## Records from a data collection
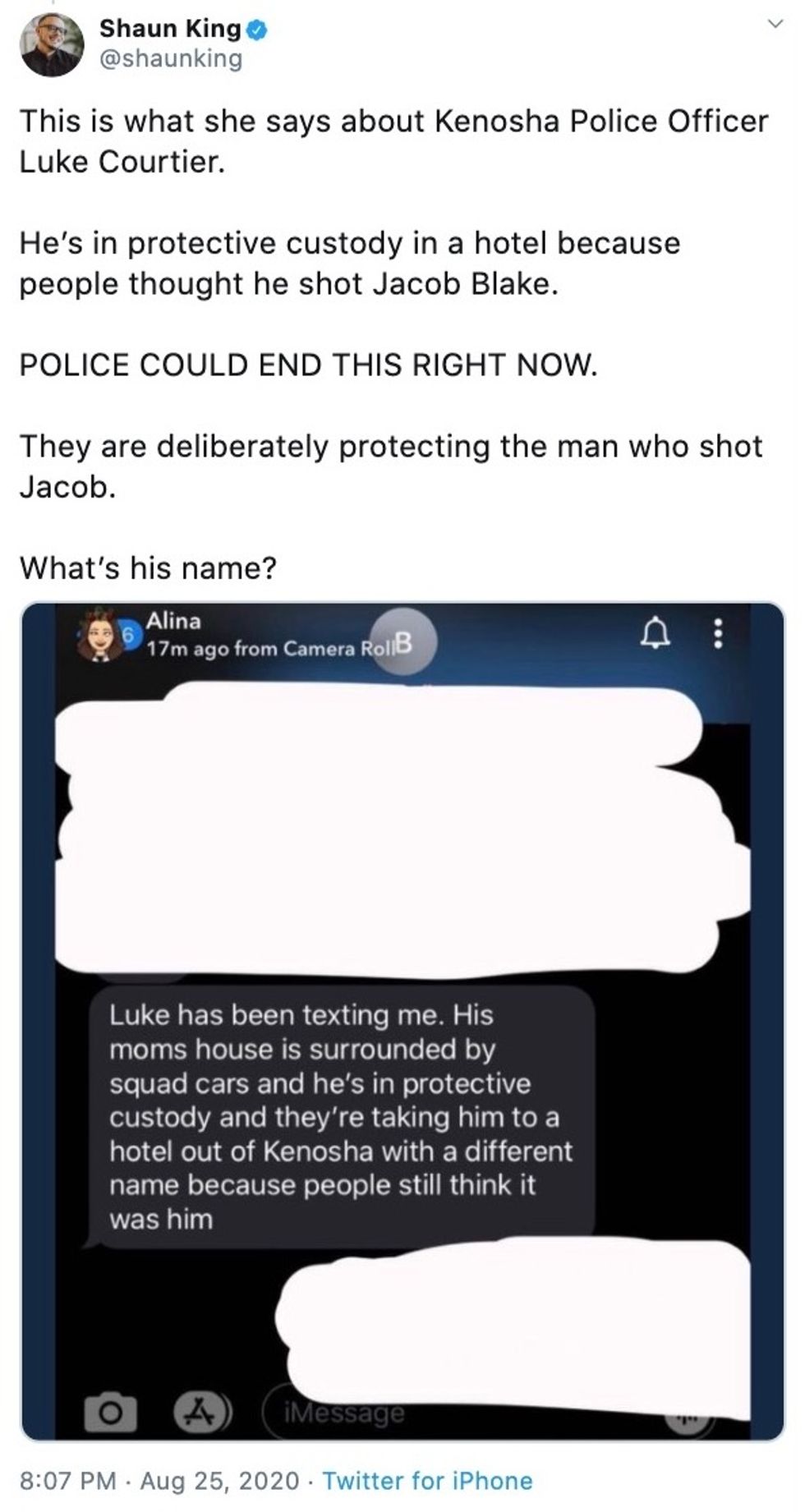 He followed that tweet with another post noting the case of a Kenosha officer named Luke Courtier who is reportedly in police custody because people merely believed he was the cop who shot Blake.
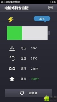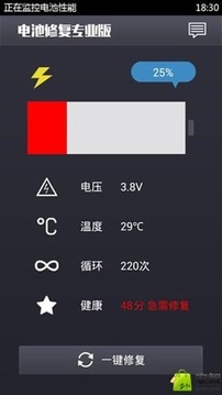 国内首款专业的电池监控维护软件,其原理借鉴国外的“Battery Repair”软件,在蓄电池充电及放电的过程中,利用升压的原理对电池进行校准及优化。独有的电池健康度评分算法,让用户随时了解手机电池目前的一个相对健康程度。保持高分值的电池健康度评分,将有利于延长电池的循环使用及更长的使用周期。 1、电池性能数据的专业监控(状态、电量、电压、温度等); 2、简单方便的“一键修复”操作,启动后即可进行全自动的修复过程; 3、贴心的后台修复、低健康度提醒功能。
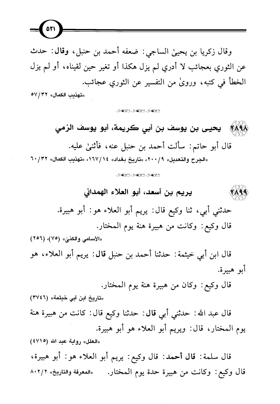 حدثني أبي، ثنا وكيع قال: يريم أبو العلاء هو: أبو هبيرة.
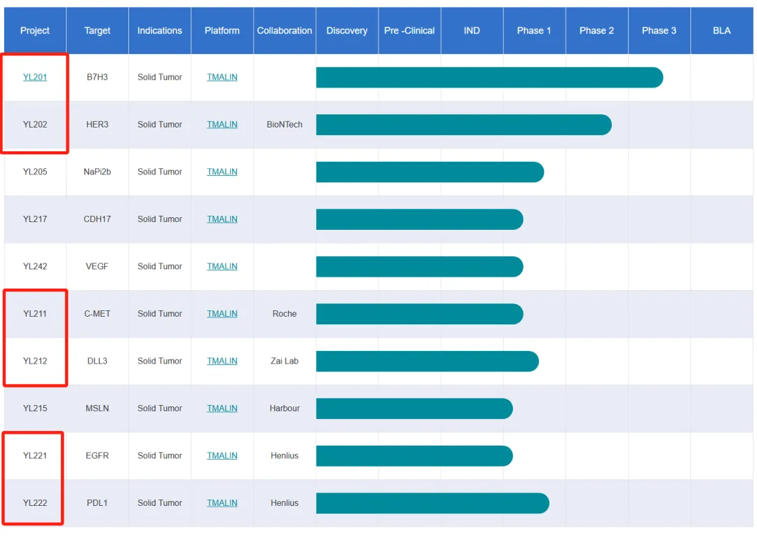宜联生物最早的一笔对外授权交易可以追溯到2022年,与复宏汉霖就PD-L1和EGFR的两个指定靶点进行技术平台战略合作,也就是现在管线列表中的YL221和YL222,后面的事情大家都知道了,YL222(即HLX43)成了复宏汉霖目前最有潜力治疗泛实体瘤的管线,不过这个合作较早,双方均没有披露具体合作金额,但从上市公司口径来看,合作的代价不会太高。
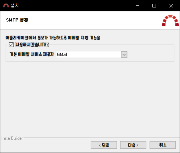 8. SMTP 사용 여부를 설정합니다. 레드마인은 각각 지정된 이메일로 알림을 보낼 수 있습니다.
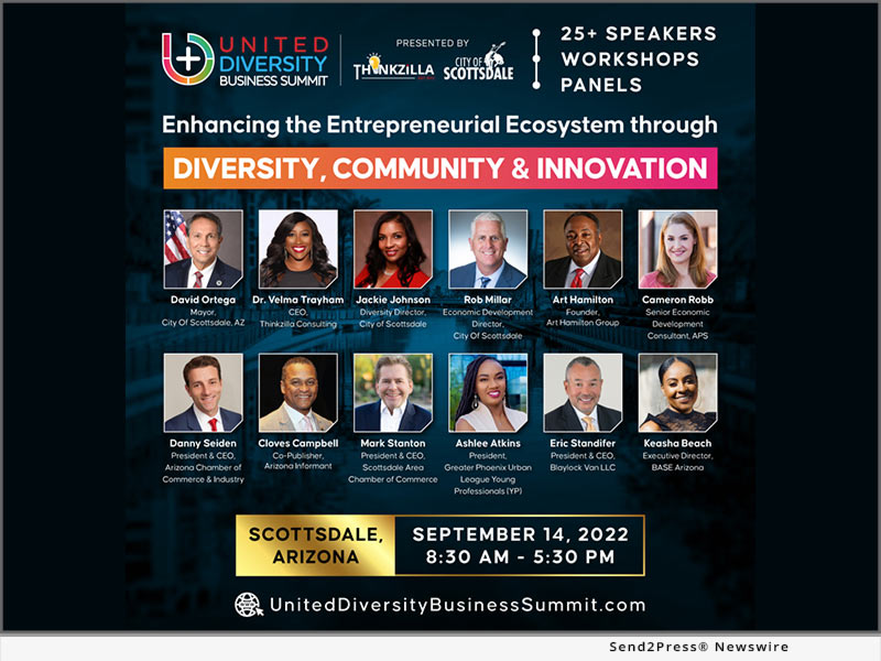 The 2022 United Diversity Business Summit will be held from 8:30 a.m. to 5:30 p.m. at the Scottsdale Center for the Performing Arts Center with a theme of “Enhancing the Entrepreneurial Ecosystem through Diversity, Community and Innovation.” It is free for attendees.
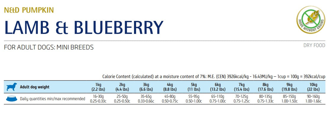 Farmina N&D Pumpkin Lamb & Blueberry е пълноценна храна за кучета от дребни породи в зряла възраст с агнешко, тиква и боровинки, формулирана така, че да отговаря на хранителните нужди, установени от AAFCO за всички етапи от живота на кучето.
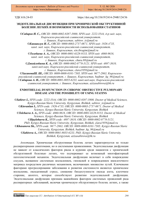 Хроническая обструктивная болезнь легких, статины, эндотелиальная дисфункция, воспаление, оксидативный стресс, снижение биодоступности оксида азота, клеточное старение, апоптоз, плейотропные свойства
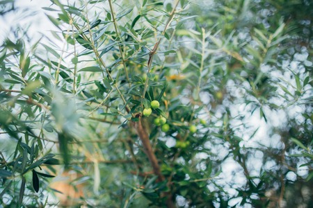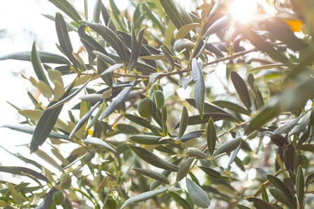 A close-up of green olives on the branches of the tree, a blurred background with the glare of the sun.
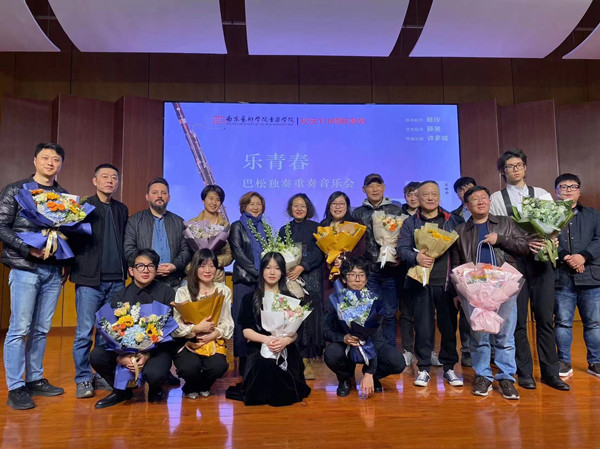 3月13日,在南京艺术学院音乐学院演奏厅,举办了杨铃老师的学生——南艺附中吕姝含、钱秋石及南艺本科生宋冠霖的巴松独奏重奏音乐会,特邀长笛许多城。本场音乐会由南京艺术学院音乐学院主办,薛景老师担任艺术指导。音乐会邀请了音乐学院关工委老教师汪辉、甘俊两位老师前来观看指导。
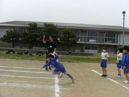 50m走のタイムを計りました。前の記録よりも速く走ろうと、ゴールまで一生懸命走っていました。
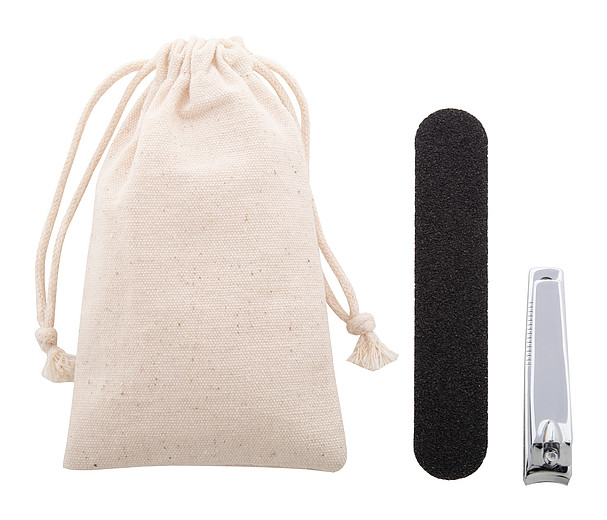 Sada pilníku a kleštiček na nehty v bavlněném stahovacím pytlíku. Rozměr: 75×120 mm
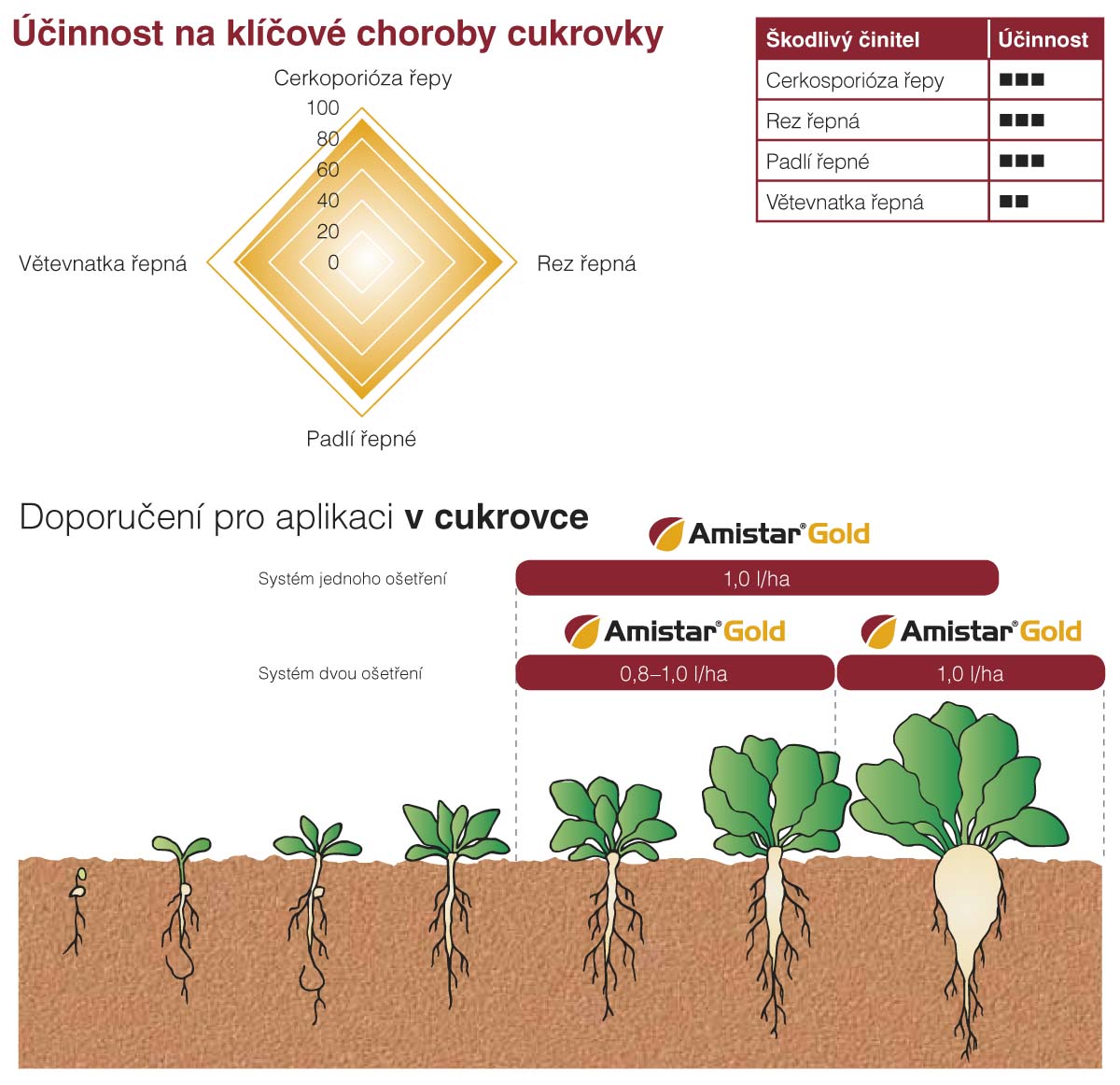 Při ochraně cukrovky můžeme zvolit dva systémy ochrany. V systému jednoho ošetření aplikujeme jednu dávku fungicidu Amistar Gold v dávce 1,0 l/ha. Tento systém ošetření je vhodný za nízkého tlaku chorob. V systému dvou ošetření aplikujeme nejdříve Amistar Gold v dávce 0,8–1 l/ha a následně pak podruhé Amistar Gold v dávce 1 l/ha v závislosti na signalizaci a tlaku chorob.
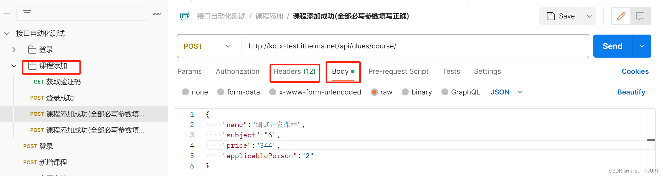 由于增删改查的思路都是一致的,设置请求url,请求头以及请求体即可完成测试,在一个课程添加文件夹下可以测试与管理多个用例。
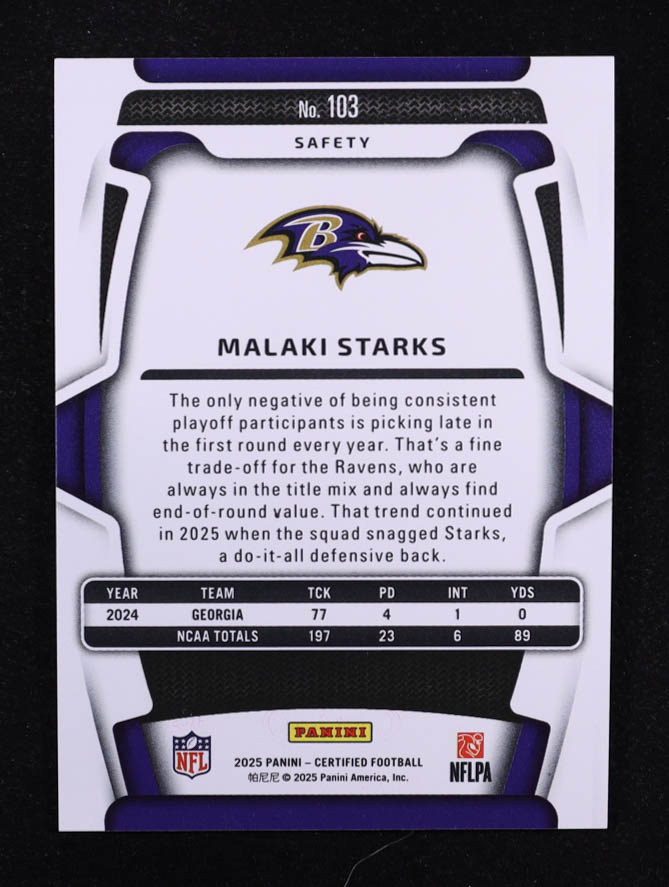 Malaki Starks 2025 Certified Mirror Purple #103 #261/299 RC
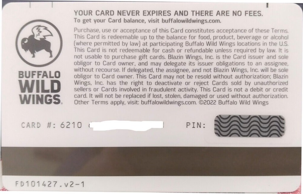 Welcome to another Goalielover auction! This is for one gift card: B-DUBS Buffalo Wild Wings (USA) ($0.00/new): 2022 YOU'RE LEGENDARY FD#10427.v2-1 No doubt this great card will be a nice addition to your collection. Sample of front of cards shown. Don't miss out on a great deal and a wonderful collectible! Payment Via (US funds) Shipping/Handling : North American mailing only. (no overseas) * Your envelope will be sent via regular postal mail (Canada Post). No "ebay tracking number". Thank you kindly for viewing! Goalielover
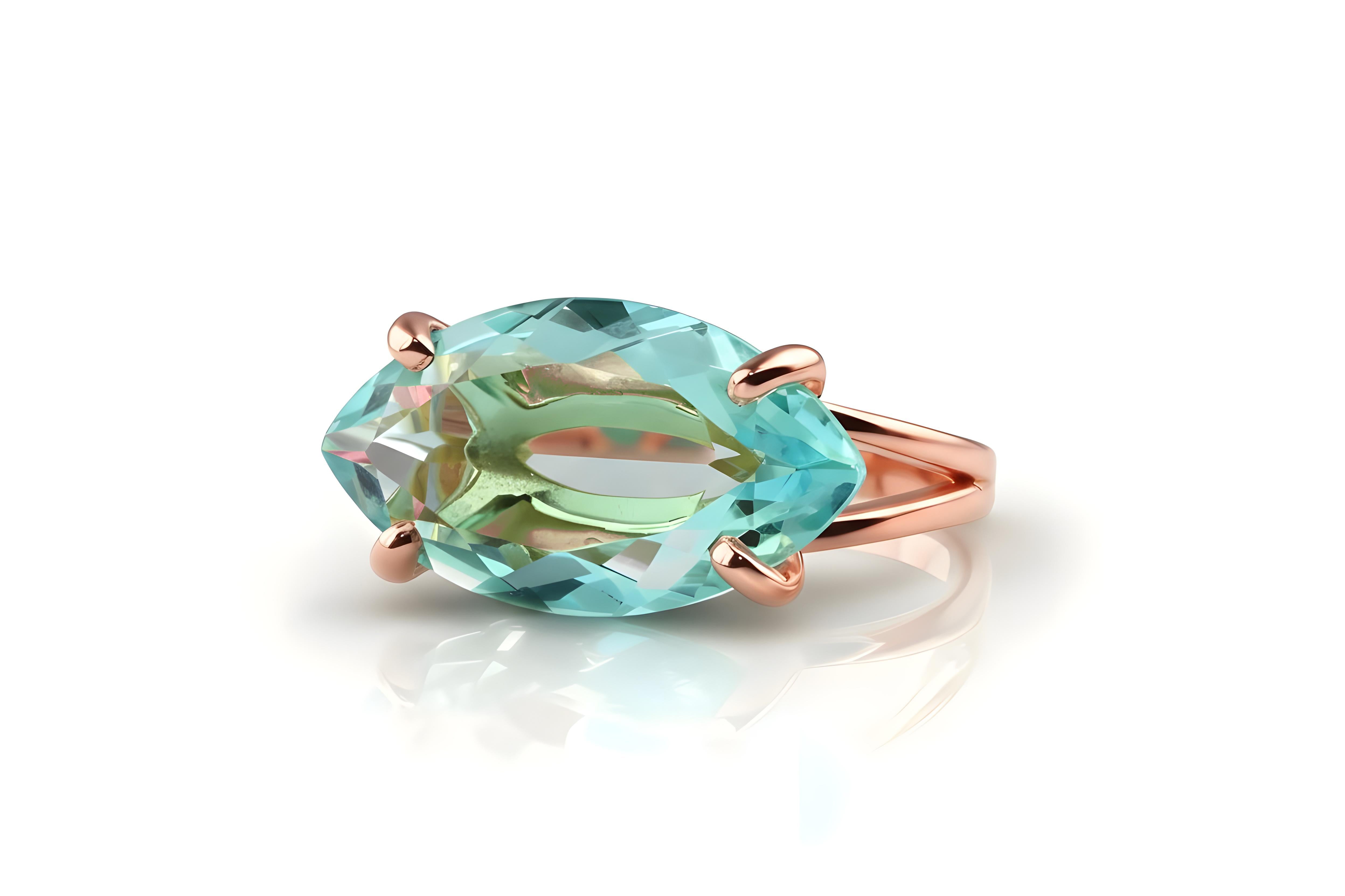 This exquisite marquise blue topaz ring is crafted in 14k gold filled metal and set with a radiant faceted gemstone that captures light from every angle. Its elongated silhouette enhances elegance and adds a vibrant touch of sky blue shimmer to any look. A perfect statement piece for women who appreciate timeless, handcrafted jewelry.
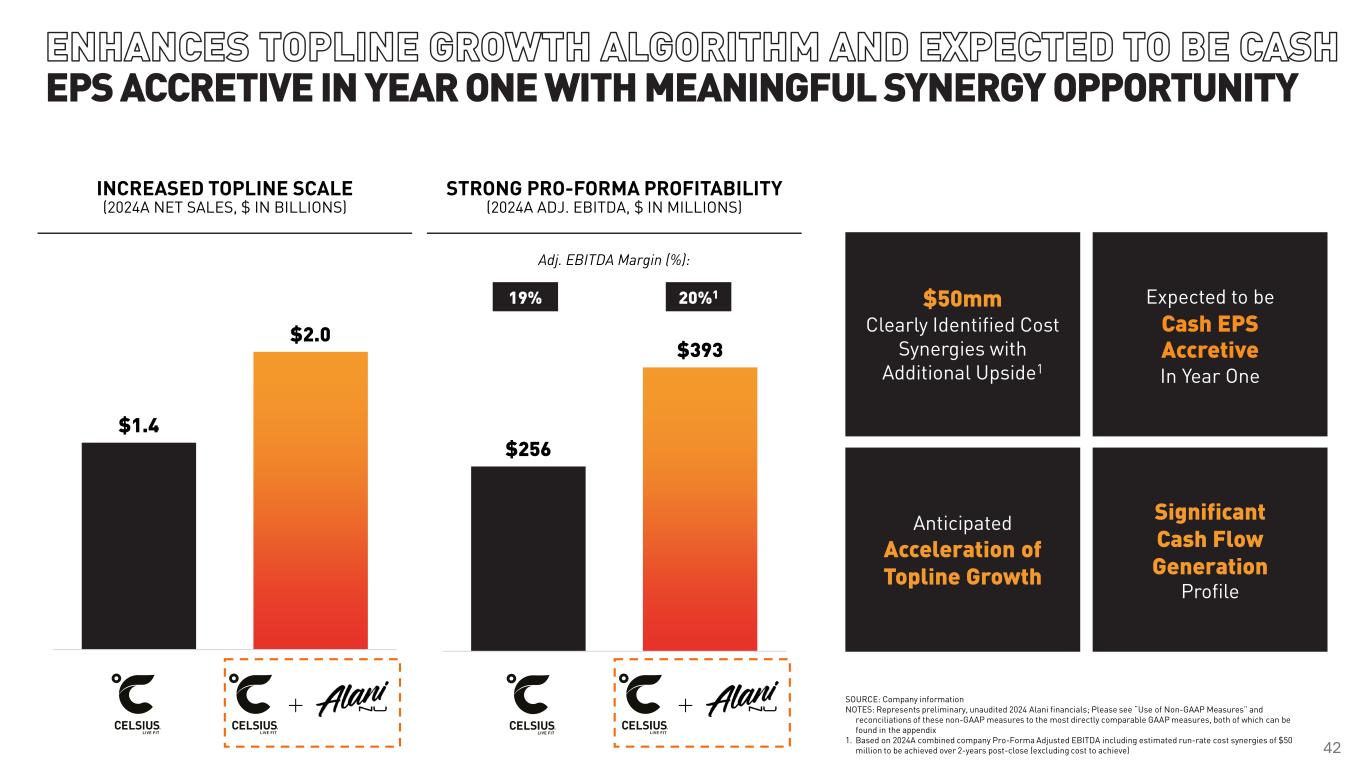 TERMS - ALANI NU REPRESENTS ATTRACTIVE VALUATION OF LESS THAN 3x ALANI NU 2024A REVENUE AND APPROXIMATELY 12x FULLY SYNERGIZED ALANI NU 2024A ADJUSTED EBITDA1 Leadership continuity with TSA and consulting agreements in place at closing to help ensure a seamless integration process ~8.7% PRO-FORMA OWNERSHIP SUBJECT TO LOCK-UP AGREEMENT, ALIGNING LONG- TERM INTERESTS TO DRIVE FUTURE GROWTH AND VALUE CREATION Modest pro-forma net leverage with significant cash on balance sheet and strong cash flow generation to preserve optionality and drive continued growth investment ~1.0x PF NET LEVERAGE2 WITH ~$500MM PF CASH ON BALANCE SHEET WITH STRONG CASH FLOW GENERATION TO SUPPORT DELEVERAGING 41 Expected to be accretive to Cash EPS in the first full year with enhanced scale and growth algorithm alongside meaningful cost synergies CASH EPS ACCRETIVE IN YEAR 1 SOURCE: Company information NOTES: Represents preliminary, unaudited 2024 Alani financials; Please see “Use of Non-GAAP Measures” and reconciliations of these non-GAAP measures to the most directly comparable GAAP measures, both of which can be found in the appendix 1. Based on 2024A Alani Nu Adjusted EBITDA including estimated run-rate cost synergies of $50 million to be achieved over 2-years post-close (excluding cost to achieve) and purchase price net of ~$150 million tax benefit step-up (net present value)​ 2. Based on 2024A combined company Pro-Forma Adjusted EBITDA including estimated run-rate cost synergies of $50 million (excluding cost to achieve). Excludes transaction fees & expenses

## Assignment
Here the job is to copy the stretch of records from the line containing "Хроническая обструктивная болезнь" through the line containing "Sada pilníku a", word for word. Leave every picture out.

## Completed exercise
 Хроническая обструктивная болезнь легких, статины, эндотелиальная дисфункция, воспаление, оксидативный стресс, снижение биодоступности оксида азота, клеточное старение, апоптоз, плейотропные свойства
 A close-up of green olives on the branches of the tree, a blurred background with the glare of the sun.
 3月13日,在南京艺术学院音乐学院演奏厅,举办了杨铃老师的学生——南艺附中吕姝含、钱秋石及南艺本科生宋冠霖的巴松独奏重奏音乐会,特邀长笛许多城。本场音乐会由南京艺术学院音乐学院主办,薛景老师担任艺术指导。音乐会邀请了音乐学院关工委老教师汪辉、甘俊两位老师前来观看指导。
 50m走のタイムを計りました。前の記録よりも速く走ろうと、ゴールまで一生懸命走っていました。
 Sada pilníku a kleštiček na nehty v bavlněném stahovacím pytlíku. Rozměr: 75×120 mm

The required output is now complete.